CylinderBase¶

class pychemengg.heattransfer.steadystate.CylinderBase(radius=None, thermalconductivity=None)[source]¶

Bases: object

Models the base of a solid circular cylinder

Parameters

radius: `int or float`: Radius of circular base of cylindrical object
thermalconductivityint or float: Thermal conductivity of cylindrical object

Examples

First import the module steadystate

Units used in this example: SI system

However, any consistent units can be used

>>> discface = ss.CylinderBase(radius=1.5e-3, thermalconductivity=0.15)
# This will create an instance of 'CylinderBase' with a name 'discface'  

Attributes

radiusint or float: Radius of circular base of cylindrical object
thermalconductivityint or float: Thermal conductivity of cylindrical object
areaint or float: Area of circular base

__init__(radius=None, thermalconductivity=None)[source]¶

Methods

`__init__`([radius, thermalconductivity])
`heatrateof_conv`([heattransfercoefficient, dT])	Computes heat rate of convection for the base of a cylindrical object
`heatrateof_rad`([T_infinity, T_surface, …])	Computes heat rate of radiation for the base of a cylindrical object
`resistanceof_conv`([heattransfercoefficient])	Computes resistance of convection for the base of a cylindrical object
`resistanceof_fouling`([foulingfactor])	Computes resistance of fouling for the base of cylindrical object

heatrateof_conv(heattransfercoefficient=None, dT=None)[source]¶

Computes heat rate of convection for the base of a cylindrical object

Parameters

heattransfercoefficientint or float: Heat transfer coefficient `h` for the cylinder base
radiusint or float: Radius of cylinder base where convective heat transfer rate is to be computed
dTint or float: Temperature difference between surface of cylinder base and surrounding fluid

Returns

heatrateint or float: Rate of heat transfer by convection

Notes

Heat rate of convection is calculated using the Newton’s Law

\[Q (heatrate) = h A \Delta T \]

where:

h = heat transfer coefficient

A = area of heat transfer (which is the base circular area)

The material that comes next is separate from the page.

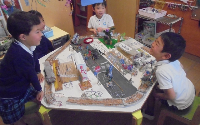 きらりでは、3歳児以上の子どもたちは、一人一枚パスモを持っています。電車(特に小田急線)が大好きな男の子たちは、定期的に電車に乗り興味を深めています。その中で出会った新宿駅で働く小田急ショップの方や、駅員さんや車掌さんとの交流を楽しでいます♪そこから時刻や駅名にも興味が広がり、オリジナルの電車カードや電車図鑑を作り、数字や文字にも親しんでいます☆

\(\Delta T\) = temperature difference

References

[1] Yunus A. Cengel and Afshin J. Ghajar, “Heat And Mass Transfer Fundamentals and Applications”, 6th Edition. New York, McGraw Hill Education, 2020

Examples

First import the module steadystate

Units used in this example: SI system

However, any consistent units can be used

>>> from pychemengg.heattransfer import steadystate as ss
>>> disc = ss.CylinderBase(radius=0.1, thermalconductivity=401)
>>> disc.heatrateof_conv(heattransfercoefficient=132, dT=34)
140.99467829310993

heatrateof_rad(T_infinity=None, T_surface=None, emissivity=None)[source]¶

Computes heat rate of radiation for the base of a cylindrical object

Parameters

radiusint or float: Radius of cylinder base where radiation heat transfer rate is to be computed
T_infinityint or float: Temperature of surroundings in absolute temperature units
T_surfaceint or float: Temperature of cylinder base surface in absolute temperature units
emissivityint or float: Emissivity of the cylinder base

Returns

heatrateint or float (returns a positive value): Rate of heat transfer by radiation

Notes

Heat rate of radiation is calculated using the Stefan-Boltzmann law

\[Q (heatrate) = \sigma \epsilon A (T_{infinity}^4 - T_{surface}^4) \]

where:

\(\sigma\) = Stefan-Boltzmann constant

\(\epsilon\) = emissivity of object

A = area of heat transfer

\(T_{infinity}^4\) = absolute temperature of surroundings

\(T_{surface}^4\) = absolute temperature of surface

References

[1] Yunus A. Cengel and Afshin J. Ghajar, “Heat And Mass Transfer Fundamentals and Applications”, 6th Edition. New York, McGraw Hill Education, 2020

Examples

First import the module steadystate

Units used in this example: SI system

However, any consistent units can be used

>>> from pychemengg.heattransfer import steadystate as ss
>>> disc = ss.CylinderBase(radius=0.1, thermalconductivity=401)
>>> disc.heatrateof_rad(T_infinity=300, T_surface=550, emissivity=0.9)
133.72195405218372

resistanceof_conv(heattransfercoefficient=None)[source]¶

Computes resistance of convection for the base of a cylindrical object

Parameters

heattransfercoefficientint or float: Heat transfer coefficient `h` for the base surface of cylindrical object

Returns

resistanceint or float: Convection resistance

Notes

The following formula is used:

\[R_{convection} = \frac{1}{hA} \]

where:

h = heat transfer coefficient

A = area of heat transfer

\(R_{convection}\) = convection resistance

References

[1] Yunus A. Cengel and Afshin J. Ghajar, “Heat And Mass Transfer Fundamentals and Applications”, 6th Edition. New York, McGraw Hill Education, 2020

Examples

First import the module steadystate

Units used in this example: SI system

However, any consistent units can be used

>>> from pychemengg.heattransfer import steadystate as ss
>>> disc = ss.CylinderBase(radius=0.1, thermalconductivity=401)
>>> disc.resistanceof_conv(heattransfercoefficient=132)
0.24114385316953837

resistanceof_fouling(foulingfactor=None)[source]¶

Computes resistance of fouling for the base of cylindrical object

Parameters

foulingfactorint or float

Fouling factor \(R_f\) for the cylindrical base surface

typical units are \(m^2\) K/W

Returns

resistanceint or float: Fouling resistance

Notes

The following formula is used:

\[R_{fouling} = \frac{R_f}{A} \]

where:

\(R_f\) = fouling factor

A = fouled area of heat transfer

\(R_{fouling}\) = fouling resistance

References

[1] Yunus A. Cengel and Afshin J. Ghajar, “Heat And Mass Transfer Fundamentals and Applications”, 6th Edition. New York, McGraw Hill Education, 2020

Examples

First import the module steadystate

Units used in this example: SI system

However, any consistent units can be used

>>> from pychemengg.heattransfer import steadystate as ss
>>> disc = ss.CylinderBase(radius=0.1, thermalconductivity=401)
>>> disc.resistanceof_fouling(foulingfactor=0.0007)
0.022281692032865345